My husband also travels though he is not nearly as diligent in bringing gifts unless he goes overseas. He usually just "forgets" to pick up something for the kids. But he is also not wracked with guilt for leaving them. I, on the other hand, would rather miss my flight than return without the goods. I've even been known to stop at Target in advance of a trip, just to have something fun to give them when I walk through the door.
But experts say this may not be the best tactic. In a recent New York Times article about traveling parents and guilt, Juliet Schor, a professor of sociology at Boston College and the author of "Born to Buy: The Commercialized Child and the New Consumer Culture," warns that too much gift giving can do more harm than good.
"'The child gets into the power seat, and that results in worse behavior ultimately. It leads to the gimmies. And when gifts become ordinary and expected, they don't function so well in creating that positive experience.'"
Other experts suggest that if a present is given, it's small and is related to the place where the parent visited. This makes sense. But when kids are no longer excited to get those snow globes from San Jose or a stuffed monkey from Memphis, it can feel impossible to now not only satisfy your kids but also assuage your own angst.
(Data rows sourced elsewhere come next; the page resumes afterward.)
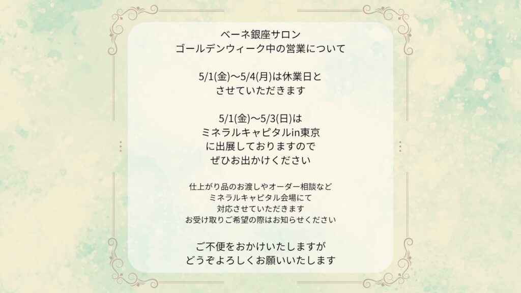 いつもベーネ銀座サロンをご愛顧いただきありがとうございます。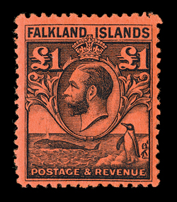 477 og 26 Image#26, 1924 £1 Violet and black on red, nicely centered, strong colors, o.g., lightly hinged, very fine (S.G. #24; £550). (Image) $600.00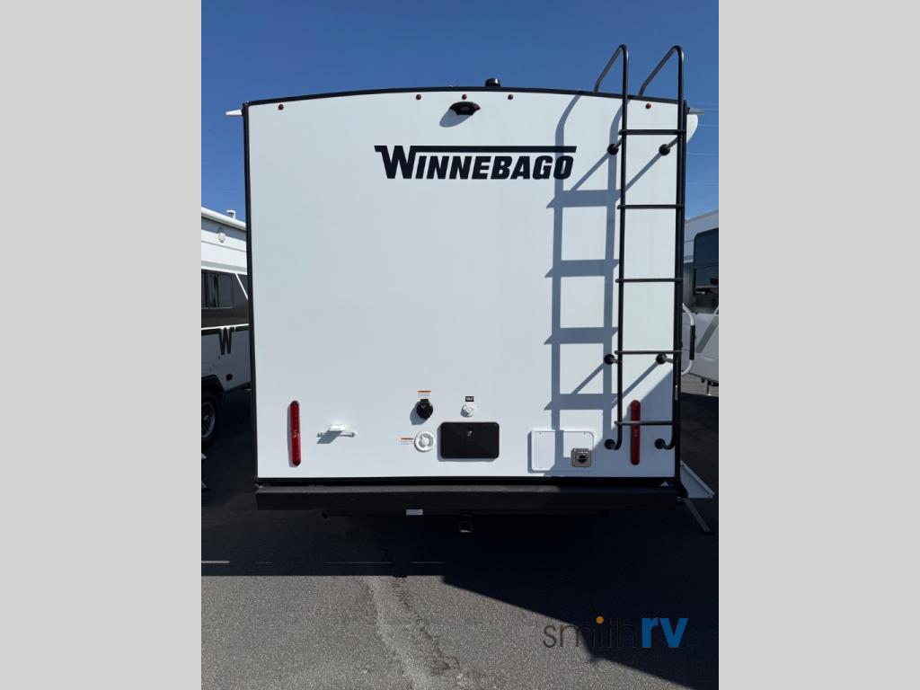 With any Thrive travel trailer by Winnebago, you can camp with functionality, comfort, and convenience! The tinted and frameless front window will be the first thing that catches your eye, and the fiberglass sidewalls with Azdel Onboard provide a durable trailer made to last. There is also an exterior ladder, along with front radius profile lights, power stabilizer jacks, and a powered awning with LED lighting to name a few exterior features. You will stay powered up by the 30-amp power cord and 200-watt solar panel, plus there is a tankless water heater for endless hot showers. Inside, you'll love the custom Winnebago furniture, carpetless side outs, molded fiberglass countertops, and residential recessed ceiling lights to keep your space well lit!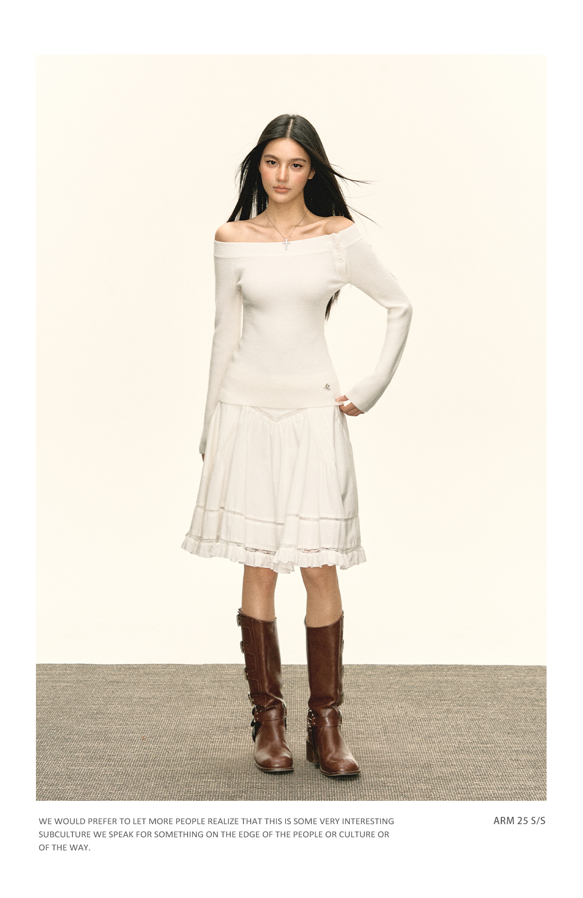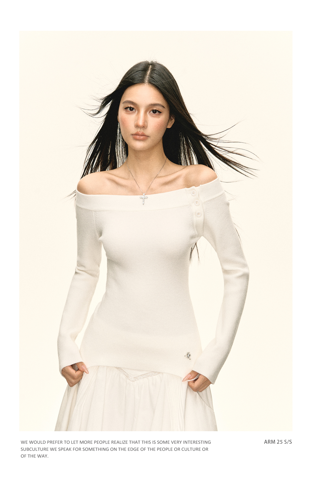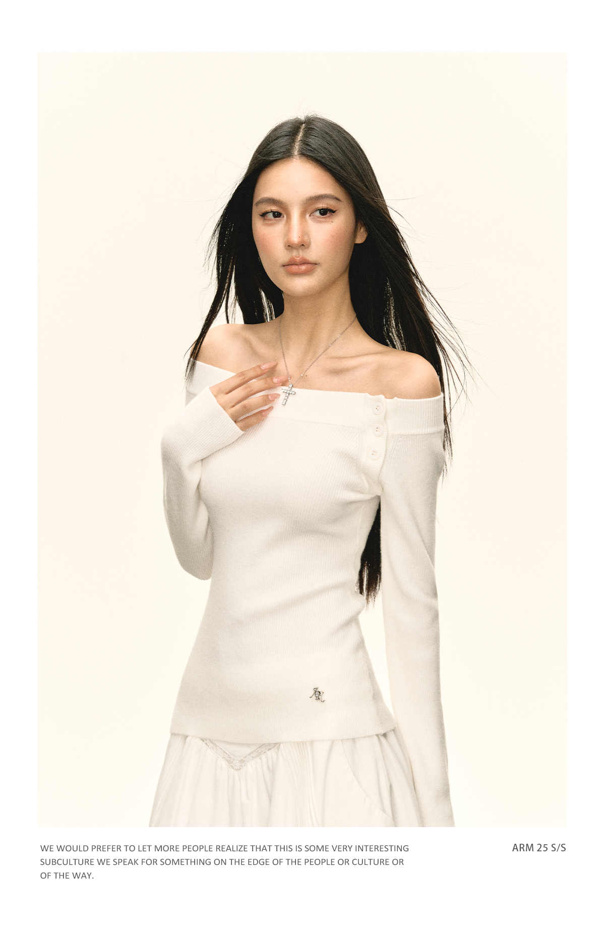 Ariseism美式复古设计感白色一字肩针织衫毛衣女秋冬新款修身上衣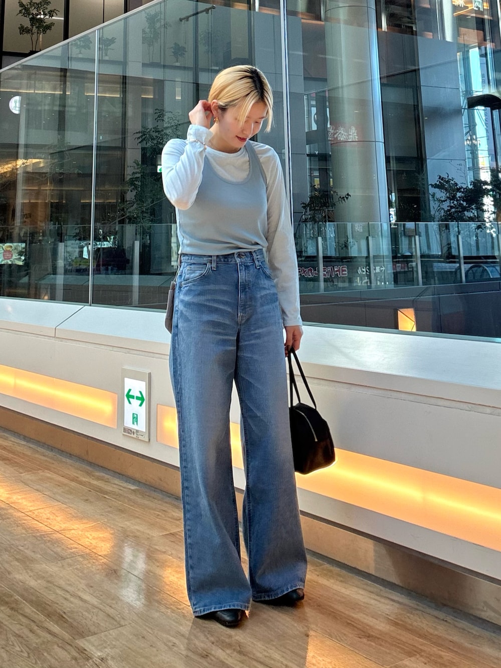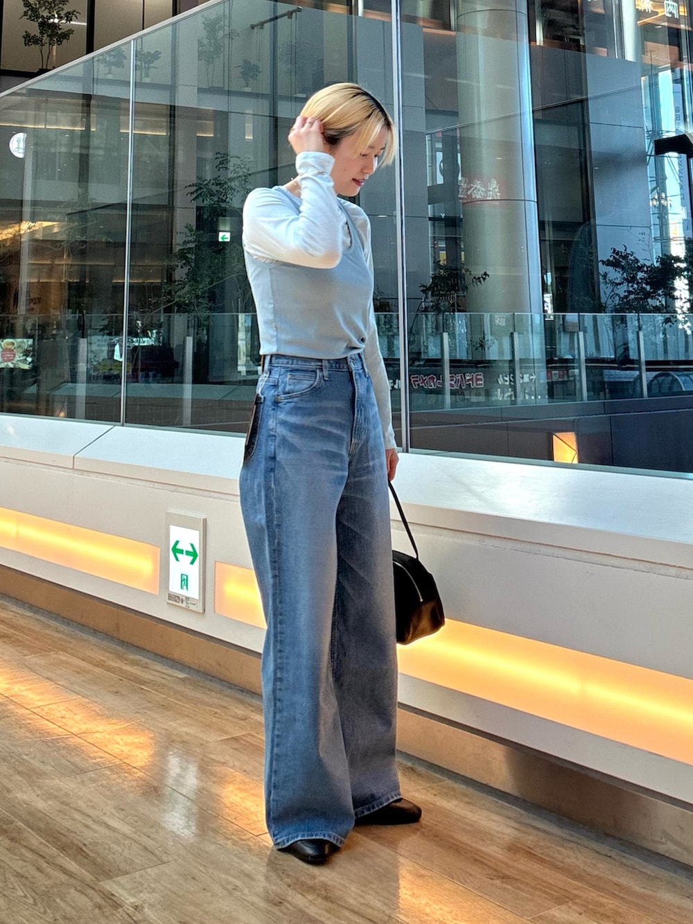 ピチッとしたトップスなので、下はワイドパンツでバランスよくなりますね!!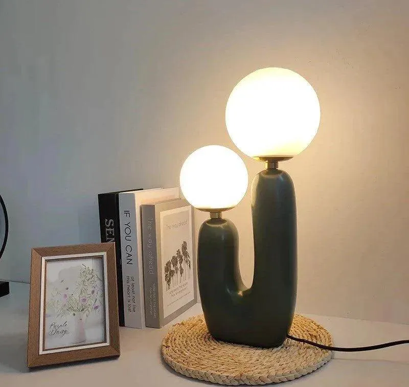 Moderne LED-Tischlampe mit doppelt mattierten Glaskugeln im nordischen Design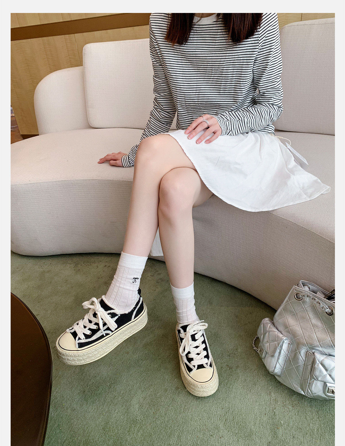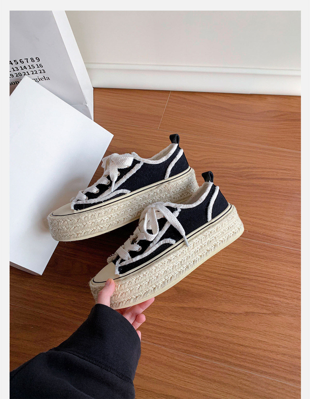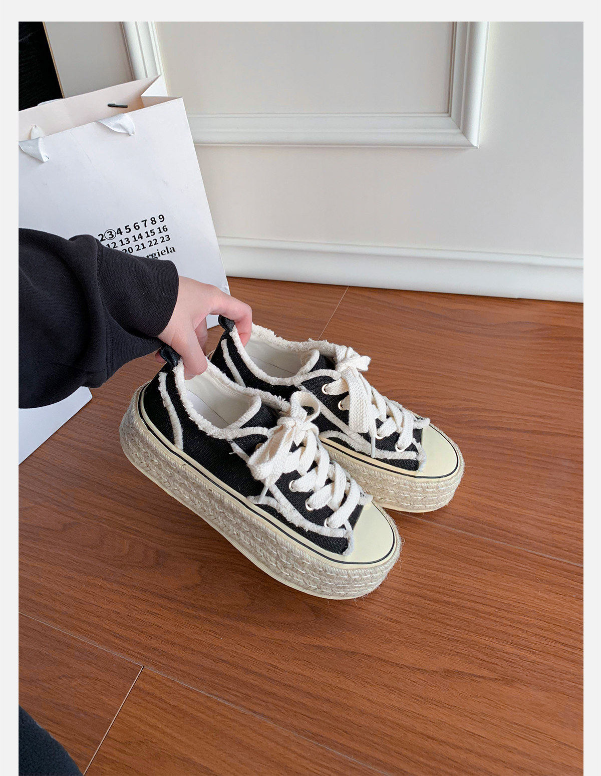 Hong Kong 2026 New Style Chanel-Inspired Canvas Shoes for Women, Spring and Autumn Thick-Soled Versatile Casual Shoes, Sneakers, Biscuit Shoes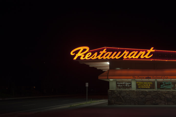 REF: WOF_J120_0004This photograph shows a restaurant on Route 66 in Flagstaff, Arizona. A modern sign but very much in the spirit of Route 66. This print is available as an art print, canvas or acrylic panel in various different sizes. To see more photographs of this location or theme, or for help or advice please call 01992 939344.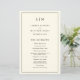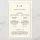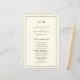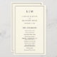 Ett enkelt Bröllopsprogram med en modern utformning av eleganten med två brev-monogram överst och dina detaljer omgivna av ett tunt gräns. All text är svart över en grädda/elfenben bakgrund och kan ändras i designredigeringen i verktyg. Framsidan har din ceremoni och baksidan har din bröllopsfest och tack för ditt budskap. En chic och snyggt som är underbar för ett minimalistiskt par. Dessa bröllopsprogram i billigten trycks på lakan av papper för ett budgetvänligt alternativ.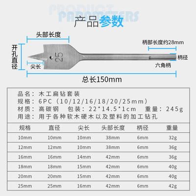 Woodworking flat drill three-point drill bit woodworking drill bit woodworking hole puncher set hexagon shank bit wood drilling tool 10-25mm drill bit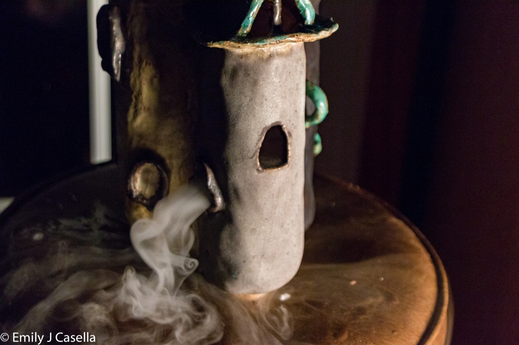 A topic I mull over with ceramics is what do they become after being created. Will they just sit on a shelf, inanimate for the rest of their existence. Will someone pet them? How long until dust starts to form? I harp on the idea that people don’t want to use ceramics that are not factory-made because the user is afraid they will break it. What they are really saying is, they don’t want to be guilty of breaking it by using it or they don’t want to offend the artist by being having a potential accident. So they tell themselves it will be better if they just leave it on the shelf. They can seem trendy by owning a ceramic, but will it be used? Think along the lines of “Fine China”. They got it as a wedding gift, so now it is locked in the dining room cabinet, waiting for the right occasion. Since these pieces are older and I am too attached to them, they live with me. On this special occasion, we had leftover dry ice. So I let my pieces have some fun.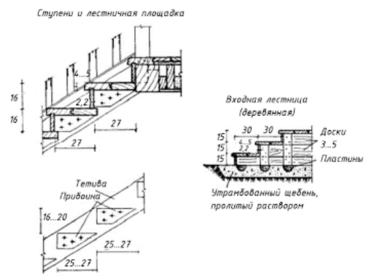Несущими элементами деревянных лестниц служат площадки, балки и тетивы (толщиной 60...80 мм).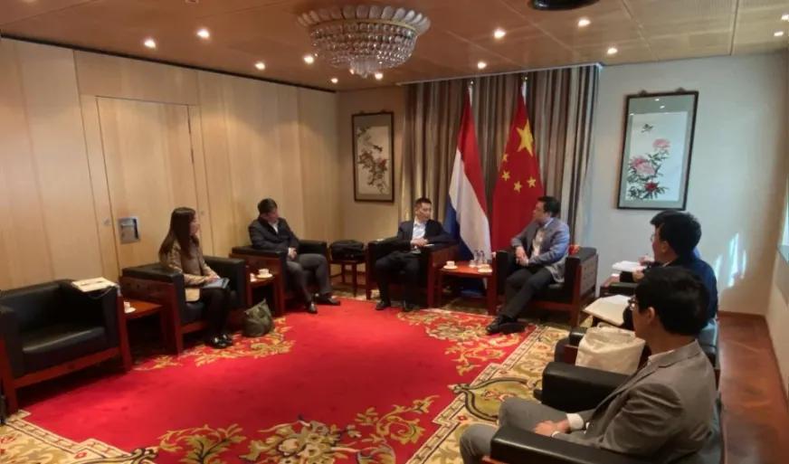 在荷兰期间,考察团一行先后拜访中国驻荷兰大使馆经商处、中资在荷商协会、京东欧洲公司、菜鸟欧洲公司及BTT多式联运集团,并考察蒂尔堡场站。在中国驻荷兰大使馆经商处,金远参赞充分肯定了中欧班列在促进中欧经贸往来中的积极作用,对江苏班列进一步联通荷兰、深耕欧洲寄予期待。随后,考察团还拜会了全荷兰中资企业协会、欧洲储能协会,与相关负责同志围绕进一步强化中欧班列通道作用、发挥“前展后仓”功能、更好服务中荷经贸往来、促进中欧能源产业合作进行深入交流。在京东欧洲公司、菜鸟欧洲公司,考察团围绕推进中欧班列运输、推动跨境电商发展展开深入洽谈、达成合作意向。在BTT多式联运集团,双方就远欧线路开行进行深入探讨。

My rule now is that gifts only come if I am away for more than two nights and then they are something small. Clothes are off the list. When Crazy Bandz were all the rage last year, they were the perfect present AND they were readily found in airport gift shops. This year, I'm not sure what I'll pick up. I'm just hoping that I don't spend more than two nights away from home - then I can come home empty handed and not feel so guilty.